The main idea of this solution is to replace the inside quadrilateral with a series of figures, such that each next one has a larger perimeter, and to eventually reach the outside quadrilateral. That will prove that the perimeter of $ABCD$ is smaller than that of $EFGH$. $\\$

Let’s proceed in a similar manner as in the Example 3. First, extend any of the sides of the inside quadrilateral such that it touches a side of the outside one.

Then, by triangle inequality, we can write that:

$$CI + IB > BC$$

So the perimeter of $AICD$ is larger than the perimeter of $ABCD$. We repeat this until all the vertices are on sides of the outside quadrilateral. There are actually a couple of different cases here, but they are all very similar to each other. We can have one vertex per side, or we can have one or two sides that have two vertices on them.

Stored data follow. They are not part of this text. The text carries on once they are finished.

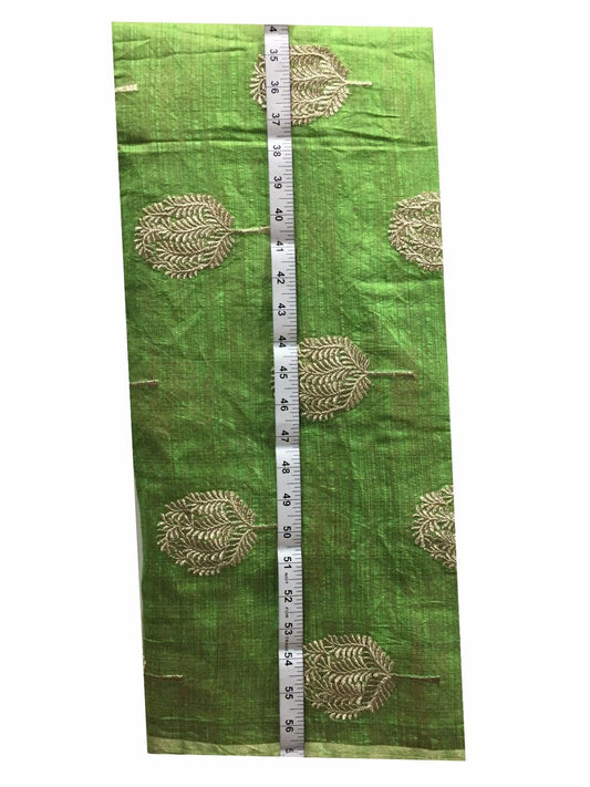 Kurti Material Blouse Fabric by meter Silverish Gold Embroidery on Green Cotton
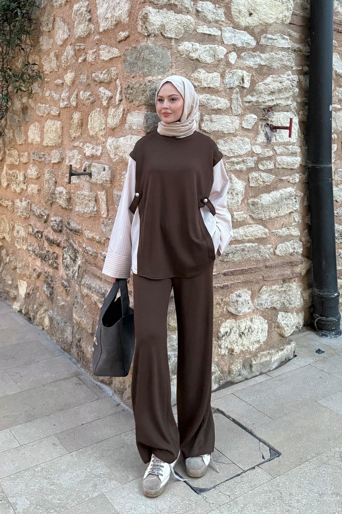 Yandan Düğmeli Gömlek Detaylı Takım Kahverengi
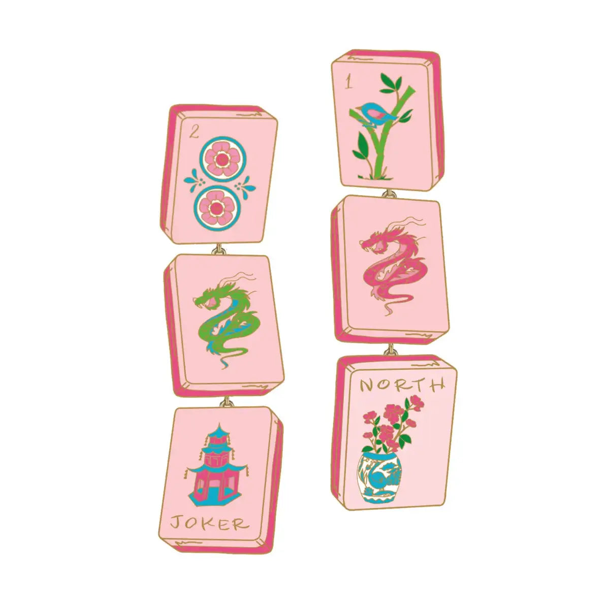 The Linked Mahjong Tile Earrings in Light Pink feature Mahjong tile charms connected together in a stylish link design. With soft pink enamel and a polished gold finish, these earrings add a playful yet sophisticated touch to your jewelry collection. DETAILS Base Metal with Shiny Gold Plating

In essence, the next step boils down to showing that the distance between any two consecutive vertices of the new quadrilateral $IJKL$ is the shortest along the side connecting them, and in particular, shorter then if we were to go around the perimeter of $EFGH$. Which is true, because a straight segment is the shortest path connecting two points. $\\$

In the particular case above, we can divide that into steps, for example first show that $IH + HL > IL$, extending the inner quadrilateral towards one of the vertices of the outer one. Then we can cut the corners, by for example saying that $JF + IF > IJ$. In any way, we show that the perimeter of $EFGH$ is larger than the perimeeter of $IJKL$, which is larger than the perimeter of $ABCD$ and we reach our objective here.